After reading the manual of NVIDIA, I wrotea parrell reduction code as follows:
__global__ void kernel(int *devData)
{
__shared__ int sum;
int i = blockDim.x * blockIdx.x + threadIdx.x;
if (threadIdx.x == 0)
sum = 0;
__syncthreads();
sum += devData[i];
__syncthreads();
if (threadIdx.x == 0)
printf("sum of block %d is %d\n", blockIdx.x, sum);
}
int main(void)
{
// init device
int devIdx = 0;
cudaError_t err = cudaSuccess;
gpuDeviceInit(devIdx);
int i;
int data[100];
int *devData;
for (i = 0; i < 100; i++)
data[i] = 1;
err = cudaMalloc(&devData, 100 * sizeof(int));
checkCudaErrors(err);
// copy data to device
err = cudaMemcpy(devData, data, 100 * sizeof(int), cudaMemcpyHostToDevice);
checkCudaErrors(err);
int blocksPerGrid = 10;
int threadsPerBlock = 10;
// call kernel function
kernel <<<blocksPerGrid, threadsPerBlock>>> (devData);
checkCudaErrors(cudaGetLastError());
cudaDeviceReset();
return 0;
}
I'm trying to sum integers for each block and then print this sum.

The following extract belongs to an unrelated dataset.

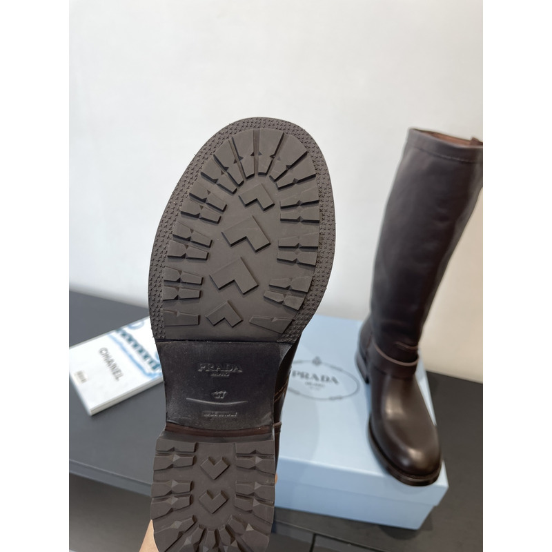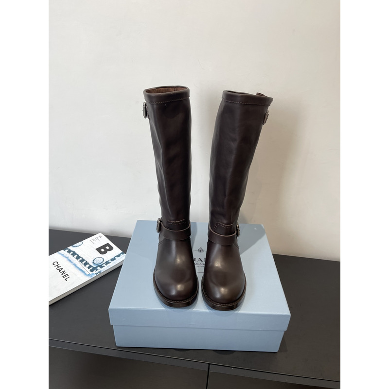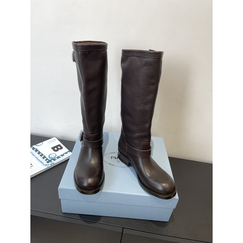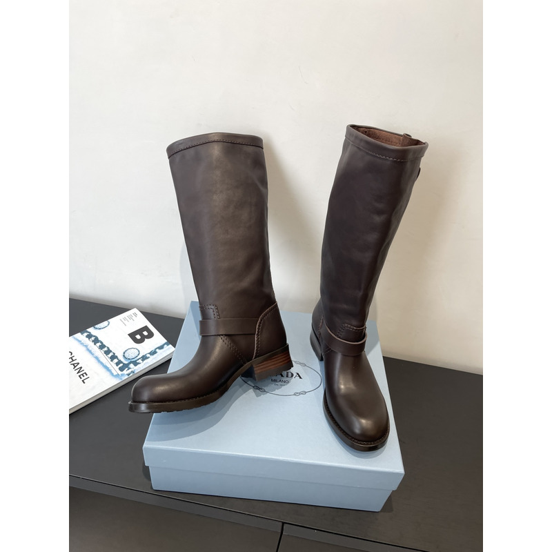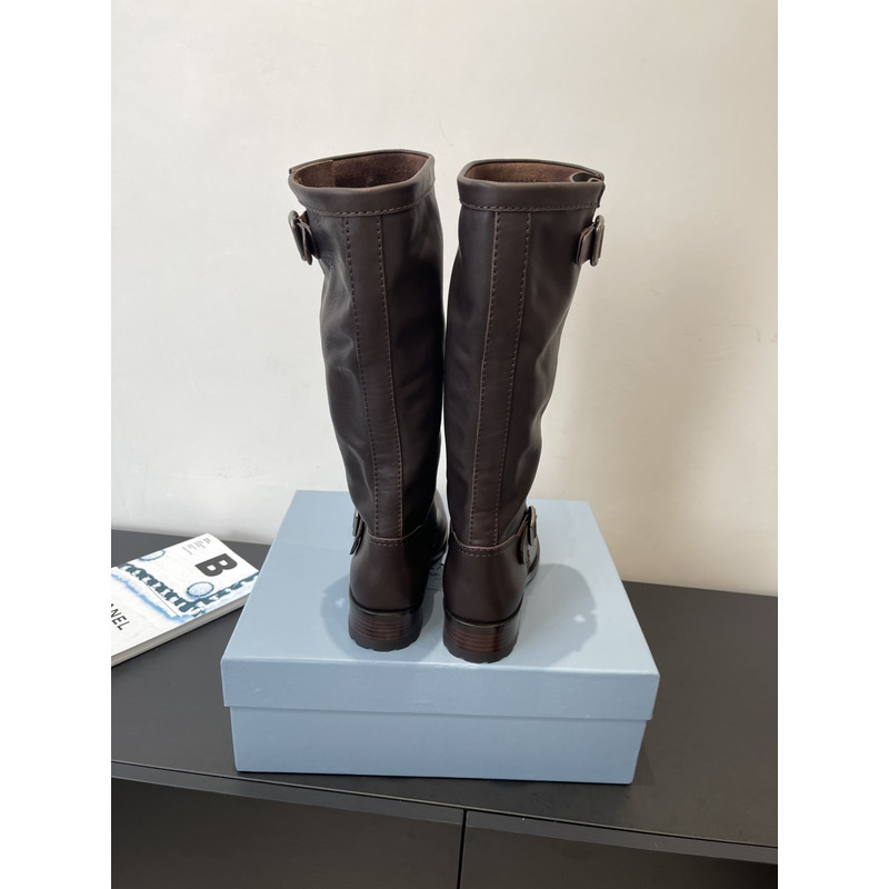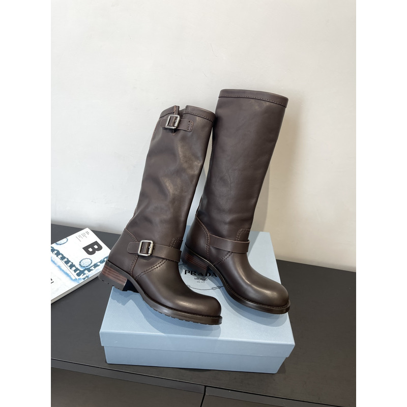 Prada Calf Leather Knee-High Boots With Buckle In Brown

But I found the result was as follows:
sum of block 0 is 1
sum of block 6 is 1
sum of block 2 is 1
sum of block 8 is 1
sum of block 1 is 1
sum of block 7 is 1
sum of block 4 is 1
sum of block 3 is 1
sum of block 9 is 1
sum of block 5 is 1
The result I expected was 10.Is the __shared__ variable "sum" shared by every thread in a block? What's wrong with my understanding of "__shared__" variables in cuda?